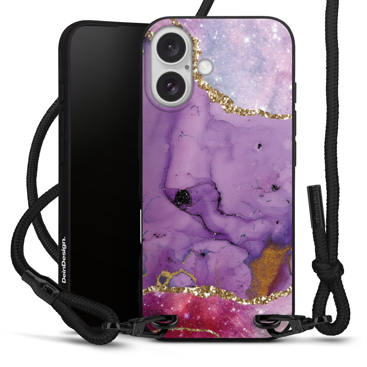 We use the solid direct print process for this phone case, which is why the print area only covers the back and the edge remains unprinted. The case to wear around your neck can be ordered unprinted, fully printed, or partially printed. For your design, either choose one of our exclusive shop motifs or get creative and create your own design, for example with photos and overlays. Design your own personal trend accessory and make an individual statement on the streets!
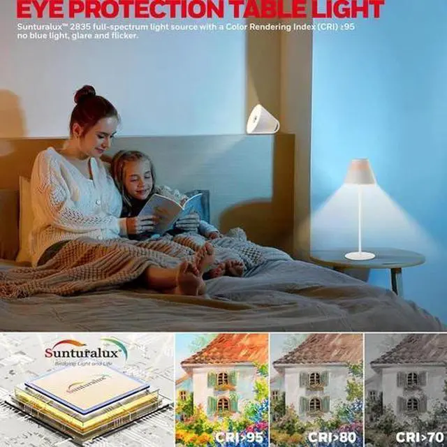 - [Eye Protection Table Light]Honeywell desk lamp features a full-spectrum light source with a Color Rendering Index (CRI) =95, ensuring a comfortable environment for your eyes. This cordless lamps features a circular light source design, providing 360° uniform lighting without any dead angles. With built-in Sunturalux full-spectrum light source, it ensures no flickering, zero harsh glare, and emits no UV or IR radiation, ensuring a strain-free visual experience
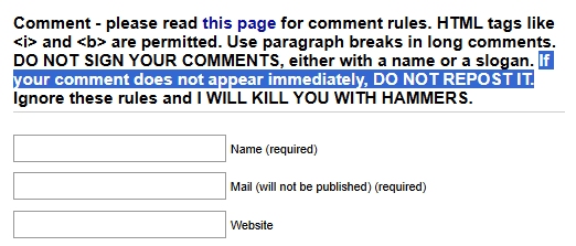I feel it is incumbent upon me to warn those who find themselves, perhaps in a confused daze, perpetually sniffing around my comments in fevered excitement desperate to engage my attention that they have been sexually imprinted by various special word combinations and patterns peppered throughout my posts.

==

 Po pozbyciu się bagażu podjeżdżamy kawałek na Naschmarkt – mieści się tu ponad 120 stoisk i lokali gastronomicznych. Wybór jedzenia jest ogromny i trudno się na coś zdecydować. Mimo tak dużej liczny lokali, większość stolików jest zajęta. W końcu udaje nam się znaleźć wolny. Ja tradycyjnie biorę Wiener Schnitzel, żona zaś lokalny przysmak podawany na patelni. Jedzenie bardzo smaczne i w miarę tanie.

...

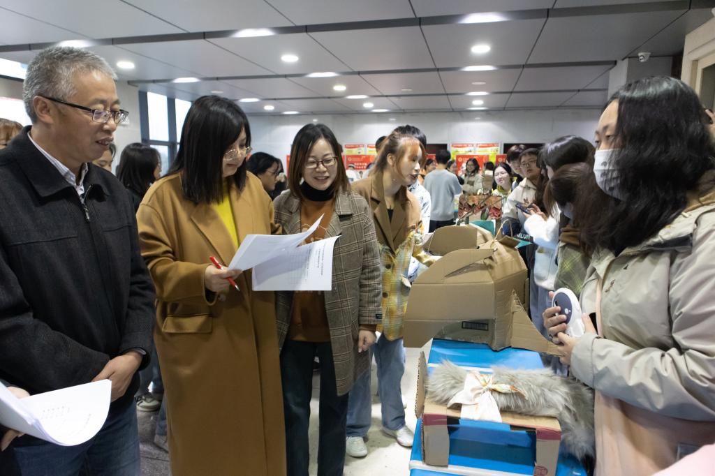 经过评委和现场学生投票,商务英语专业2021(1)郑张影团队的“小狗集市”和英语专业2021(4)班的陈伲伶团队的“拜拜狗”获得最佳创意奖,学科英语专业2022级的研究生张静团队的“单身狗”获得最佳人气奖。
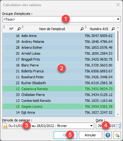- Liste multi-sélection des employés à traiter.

* TASK GOAL: Return exactly the lines above, from the one with "经过评委和现场学生投票,商务" up to and including the one with "- Liste multi-sélection", and include no pictures.

* WORKED SOLUTION:
 经过评委和现场学生投票,商务英语专业2021(1)郑张影团队的“小狗集市”和英语专业2021(4)班的陈伲伶团队的“拜拜狗”获得最佳创意奖,学科英语专业2022级的研究生张静团队的“单身狗”获得最佳人气奖。
- Liste multi-sélection des employés à traiter.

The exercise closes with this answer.